Ring of Sets in Measure Theory

Question

I'm studying Measure Theory course in my faculty and a have an problem... If i have E, and E is a class of sets like E={A, B, H,...}.

When i can said that: 1- E is a Ring of Sets. 2- E is a Semi-Ring of Sets. 3- E is a Sigma-Ring of Sets.

In other way...
What is the definition and properties of the following: 1- Ring of Sets.
2- Semi-Ring of Sets.
3- Sigma-Ring of Sets.

And what are the conditions that the ring and Semi-Ring are closed under it, i know that the ring of sets is closed under union and intersection.. But this true or not??

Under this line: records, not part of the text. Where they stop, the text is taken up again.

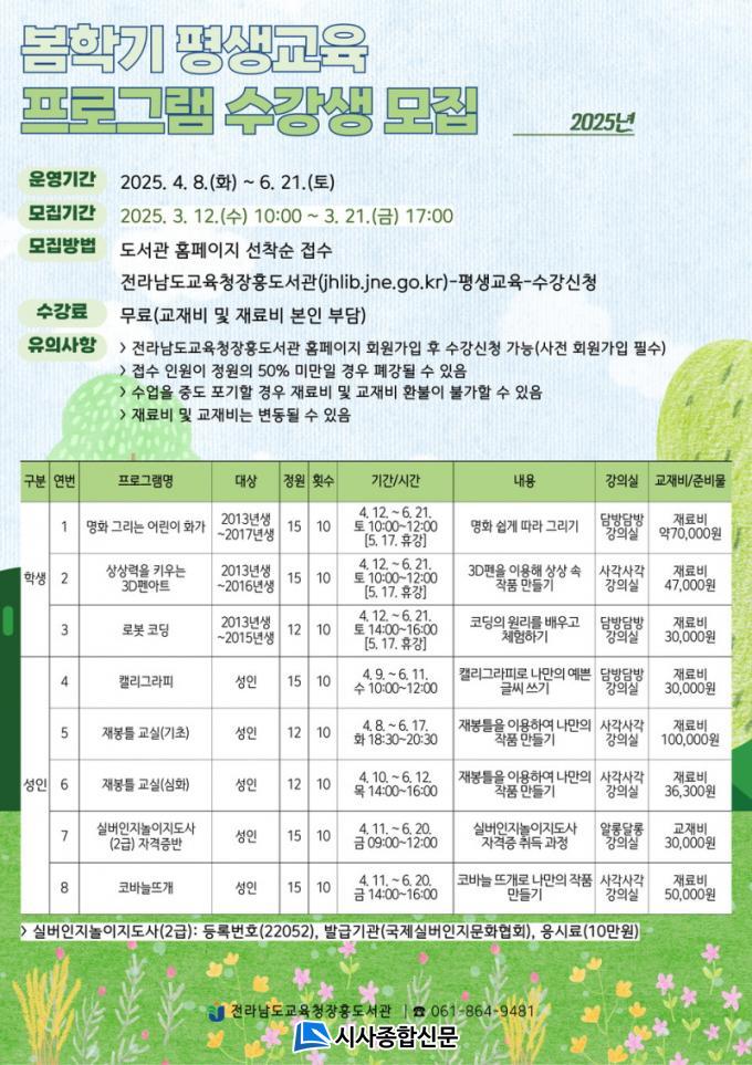 Âü°¡ÀÚ ¸ðÁýÀº 3¿ù 12ÀÏ(¼ö) ¿ÀÀü 10½ÃºÎÅÍ 3¿ù 21ÀÏ(±Ý) ¿ÀÈÄ 5½Ã±îÁö µµ¼°ü ȨÆäÀÌÁö(https://jhlib.jne.go.kr)¸¦ ÅëÇØ ¼±Âø¼øÀ¸·Î ¸ðÁýÇÑ´Ù.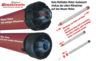 Bei den älteren Rollladen mit der alten Rollladenwelle, kann es sein das die gesteckten Kunststoffteile vom Motor nicht passen, hier muss dann der alte Mitnehmer & und Mitnehmer-Ring vom alten Motor umgebaut, weiter verwendet werden!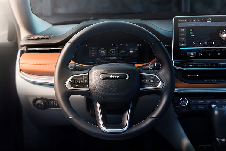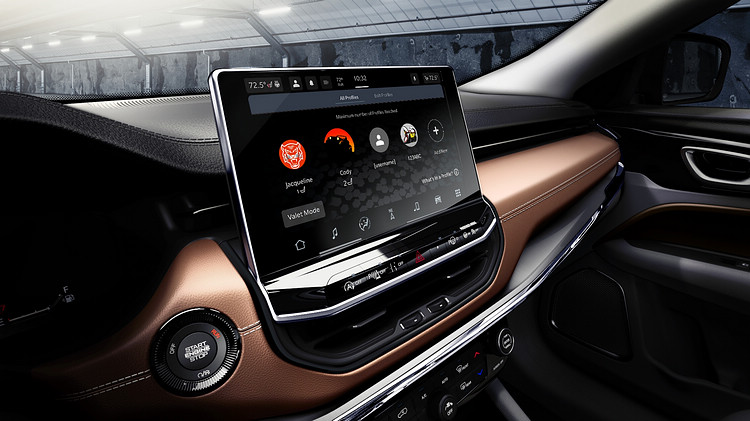 ![]() 內裝配備8.4吋起跳的中控螢幕,高階車型則是配置10.1吋觸控螢幕,採用運算速度更快的Uconnect 5系統,提供無線Apple CarPlay、Android Auto和Alexa語音助理、Tomtom導航及4G LTE Wi-Fi 熱點等功能。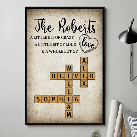 Family Whole Lot Of Love Heart Crossword Art Puzzle Create A Moment Treasured Forever Personalized Poster

Finally, Which is the bigger between them, Is any ring is a Semi-Ring or, Any Semi-Ring is a Ring or WHAT??

Answer 1

This is a case when looking for answers will work before asking questions. All three of these definitions even appear in Wikipedia (paraphrased slightly for consistency):

• Let $\mathcal{R}$ be a nonempty collection of sets. Then $\mathcal{R}$ is a ring of sets if:

  • $A\cup B \in \mathcal{R}$ if $A,B \in \mathcal{R}$
  • $A \setminus B \in \mathcal{R}$ if $A, B \in \mathcal{R}$

• Let $\mathcal{R}$ be a nonempty collection of sets. Then $\mathcal{R}$ is a $\sigma$-ring if:

  • $\bigcup_{n=1}^{\infty} A_{n} \in \mathcal{R}$ if $A_{n} \in \mathcal{R}$ for all $n \in \mathbb{N}$
  • $A \setminus B \in \mathcal{R}$ if $A, B \in \mathcal{R}$

• Let $\mathcal{S}$ be a nonempty collection of sets. Then $\mathcal{S}$ is a semiring of sets if:

  • $\emptyset \in \mathcal{S}$
  • $A \cap B \in \mathcal{S},$ if $A, B \in \mathcal{S}$
  • $A \setminus B = \bigcup_{i=1}^nC_i$ for some disjoint $ C_1,\dots,C_n \in \mathcal{S}$ if $A, B \in \mathcal{S}$

The terminology is meant to suggest that these "containments" are in order: $\sigma$-rings $\subseteq$ rings $\subseteq$ semirings

That $\sigma$-rings are rings is almost too trivial to talk about. The wiki page even gives you your answer that rings are semirings, albeit without explanation, not completely trivial, but still not hard. Just notice that $A\cap B=A\setminus (A\setminus B)$.